Seeing in Colour

I’m colourblind, and profoundly so.

This admission in front of people usually results in a long litany of being asked what colours certain items in the room are and which colours I can’t see. I do pretty well at the test, you learn to cope and have some sense of what something might be. The colours I can’t see is harder to answer because it doesn’t really work like that.

I can see primary colours easily and identify them clearly. The places between colours on the spectrum get more difficult, and also between colours that I’m told aren’t near each other on the spectrum (pink and blue, for example). Leaf colour changes in Autumn aren’t the easiest for me to notice.

I’m told that I actually see in variations of brown and grey except for primary colours and that if you could see through my eyes the world would look flat and uninteresting. From behind my eyes it looks anything but. In the same way that we can only speak comparatively within our frame of reference, I can only see within mine: bright colours look bright, the world is a richly textured theatre of God’s glory.

It’s difficult for me to think in colour. I don’t notice the colours of things, it was only a few years ago that I learned that different denominations of banknotes are different colours. When I confess this people ask how I knew which one was which without thinking that they have large numbers on them. I’ll see two things that are the same colour as distinctly different colours if they have different textures. I’m not sure that’s a useful superpower.

You can buy glasses that fix colourblindness these days, it affects one in twelve men, after all. I don’t think they’re available with prescription glasses like the ones I wear but I did the test anyway. My sight is much too bad for them to work for me. The advertising for the glasses has videos of middle-aged men being asked to put them on and then stopping dead in slack-jawed wonder at how beautiful the world is. They remind me of the wonderful videos of deaf children who can hear their parents’ voices for the first time due to implants; there’s a glory to them. When we see someone else’s wonder that is itself enough for us to catch a glimpse of the truth behind things. Wonder is infectious, it teaches us to see.

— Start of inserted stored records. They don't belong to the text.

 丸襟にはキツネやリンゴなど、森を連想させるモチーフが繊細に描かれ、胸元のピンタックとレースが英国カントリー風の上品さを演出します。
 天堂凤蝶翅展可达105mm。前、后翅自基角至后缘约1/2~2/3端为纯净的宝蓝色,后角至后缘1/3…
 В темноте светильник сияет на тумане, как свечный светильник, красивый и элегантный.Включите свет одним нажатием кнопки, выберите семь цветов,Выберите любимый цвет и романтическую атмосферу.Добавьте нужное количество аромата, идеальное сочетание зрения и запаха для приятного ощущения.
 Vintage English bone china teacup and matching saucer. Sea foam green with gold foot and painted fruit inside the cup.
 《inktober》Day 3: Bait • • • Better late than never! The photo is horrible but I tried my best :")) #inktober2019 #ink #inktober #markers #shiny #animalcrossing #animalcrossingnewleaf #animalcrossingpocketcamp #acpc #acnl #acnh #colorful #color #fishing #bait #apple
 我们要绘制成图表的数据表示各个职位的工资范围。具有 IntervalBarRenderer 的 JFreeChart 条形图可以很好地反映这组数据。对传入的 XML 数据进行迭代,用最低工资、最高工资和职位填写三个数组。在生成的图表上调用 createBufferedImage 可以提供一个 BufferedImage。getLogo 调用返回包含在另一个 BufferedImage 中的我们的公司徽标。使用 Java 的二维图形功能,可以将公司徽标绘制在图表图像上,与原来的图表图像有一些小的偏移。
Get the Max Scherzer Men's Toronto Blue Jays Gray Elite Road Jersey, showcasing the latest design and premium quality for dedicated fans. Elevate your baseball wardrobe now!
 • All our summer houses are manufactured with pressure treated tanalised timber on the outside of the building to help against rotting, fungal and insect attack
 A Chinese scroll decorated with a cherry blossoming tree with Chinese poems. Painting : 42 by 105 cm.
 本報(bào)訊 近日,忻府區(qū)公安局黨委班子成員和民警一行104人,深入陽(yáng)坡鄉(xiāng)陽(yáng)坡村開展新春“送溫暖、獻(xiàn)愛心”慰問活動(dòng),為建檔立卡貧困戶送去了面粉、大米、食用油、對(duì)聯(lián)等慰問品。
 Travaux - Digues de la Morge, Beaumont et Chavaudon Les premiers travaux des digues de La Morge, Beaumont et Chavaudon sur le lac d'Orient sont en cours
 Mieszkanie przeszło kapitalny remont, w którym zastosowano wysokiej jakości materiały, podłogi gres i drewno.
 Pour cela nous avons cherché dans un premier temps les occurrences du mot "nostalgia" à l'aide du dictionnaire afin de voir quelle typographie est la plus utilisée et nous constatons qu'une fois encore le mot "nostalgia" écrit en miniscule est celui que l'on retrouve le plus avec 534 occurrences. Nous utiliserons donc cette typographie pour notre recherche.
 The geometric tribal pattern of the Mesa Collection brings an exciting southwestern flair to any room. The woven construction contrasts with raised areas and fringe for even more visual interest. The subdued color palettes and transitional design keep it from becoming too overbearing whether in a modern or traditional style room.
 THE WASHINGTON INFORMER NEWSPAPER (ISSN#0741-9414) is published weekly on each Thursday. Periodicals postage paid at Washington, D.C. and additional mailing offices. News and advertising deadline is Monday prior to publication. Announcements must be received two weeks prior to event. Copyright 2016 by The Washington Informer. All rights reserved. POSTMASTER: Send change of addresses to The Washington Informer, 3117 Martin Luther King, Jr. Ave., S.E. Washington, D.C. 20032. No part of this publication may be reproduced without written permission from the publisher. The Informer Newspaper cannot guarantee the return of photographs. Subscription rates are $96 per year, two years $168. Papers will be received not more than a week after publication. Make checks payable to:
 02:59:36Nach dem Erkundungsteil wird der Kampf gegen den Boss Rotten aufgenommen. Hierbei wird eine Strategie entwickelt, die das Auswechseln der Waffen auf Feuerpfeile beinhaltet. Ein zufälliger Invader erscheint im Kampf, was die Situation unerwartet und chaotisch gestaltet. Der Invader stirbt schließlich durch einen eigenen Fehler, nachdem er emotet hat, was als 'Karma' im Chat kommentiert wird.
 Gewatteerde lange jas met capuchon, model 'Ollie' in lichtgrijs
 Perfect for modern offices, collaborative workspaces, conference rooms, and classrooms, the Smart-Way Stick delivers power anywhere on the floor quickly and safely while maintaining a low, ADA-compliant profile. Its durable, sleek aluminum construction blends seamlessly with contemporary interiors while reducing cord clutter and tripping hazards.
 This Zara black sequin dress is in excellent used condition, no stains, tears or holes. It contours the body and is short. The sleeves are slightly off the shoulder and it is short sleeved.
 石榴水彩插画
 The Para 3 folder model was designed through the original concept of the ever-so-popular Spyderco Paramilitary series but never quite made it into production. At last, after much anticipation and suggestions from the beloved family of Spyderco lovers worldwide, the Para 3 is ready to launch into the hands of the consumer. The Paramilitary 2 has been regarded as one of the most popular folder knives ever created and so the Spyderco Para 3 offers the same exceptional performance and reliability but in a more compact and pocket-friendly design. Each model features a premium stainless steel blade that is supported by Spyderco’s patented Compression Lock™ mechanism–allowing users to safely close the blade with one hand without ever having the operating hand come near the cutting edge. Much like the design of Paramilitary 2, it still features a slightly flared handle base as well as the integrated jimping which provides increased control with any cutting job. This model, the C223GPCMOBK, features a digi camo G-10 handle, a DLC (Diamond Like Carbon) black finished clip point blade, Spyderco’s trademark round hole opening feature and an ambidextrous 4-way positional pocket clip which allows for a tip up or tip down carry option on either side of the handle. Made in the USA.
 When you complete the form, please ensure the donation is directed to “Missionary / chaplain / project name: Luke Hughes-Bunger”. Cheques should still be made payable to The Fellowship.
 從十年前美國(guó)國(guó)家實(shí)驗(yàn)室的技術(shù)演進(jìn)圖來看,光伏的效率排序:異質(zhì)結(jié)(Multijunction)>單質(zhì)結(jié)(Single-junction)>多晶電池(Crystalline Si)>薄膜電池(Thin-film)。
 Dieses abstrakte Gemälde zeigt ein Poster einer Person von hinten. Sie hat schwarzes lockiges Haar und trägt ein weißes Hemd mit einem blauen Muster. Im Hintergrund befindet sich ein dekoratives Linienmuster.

I’ve often pondered how I might respond that first moment in the new creation, when the cones in my eyes can perceive all the wavelengths of light like yours probably can. I assume a breath of wonder that what I thought was a richly marvellous world shot through with God’s glory was significantly more beautiful than I had previously realised.

There will, I guess, be some truth to that. Except, my suspicion is that everyone is going to react like that. Could it be that a world steeped in the sins of men and fallen powers is drab in ways we cannot perceive? Could it be that the world remade will be much more vibrant than our sin-cursed eyes can currently see? Could it be that the world now, bruised and broken as it is, would look brighter and more glorious if only we had eyes with which to see?

There’s no way of knowing that, of course. But I do wonder if it could be the case.

Let’s look a little deeper, though, and peel away a layer of shadows. Because I don’t think that will be the first thing I notice in a renewed creation, and I don’t think it will be the first thing you notice either. Standing in a world bursting with abundance, outrageously fecund, I don’t think I’ll spot the colours. Not just because I’m not used to noticing them either. Standing in a world that looks like this sorrow-scoured gift, yet without the tear-tracks over our vision, what will I notice?

I wonder if I might see a rainbow as light refracts. I doubt I’ll have much time to contemplate its colour spectrum—vast and clear, I’m sure—before I see behind the rainbow (Revelation 10) at the man who is the source of that light. Creation as we live in it now is shot through with the glory of God; suffused with goodness and marred by spite. The new creation then, with both trees twisted into one (Revelation 21), life and wisdom united, will have the glory of God unveiled such that I won’t be able to see anything else.

This is a world in which it is no longer a fight to rightly order our loves, and all beauty we will love for the Lord’s sake. It will no longer strain our souls to see beyond the sunbeam to the sun, because we will have seen him and been transformed (1 John 3). Even the colours will reflect the glory of Jesus the Christ, the cosmic emperor, back towards him.

Which means that even now those colours whisper his name, that light shivers with anticipation that one day when trees claps and rivers sing (Isaiah 55) even that by which we see will join the chorus to triumphantly declare, above and beyond all things, that Christ is Lord. Any beauty you see, however shadowy and sucked of vibrancy, is an echo of the true and the good. Enjoy the light of the sun, the shade of clouds, and the colour of the sky: they too sing his name.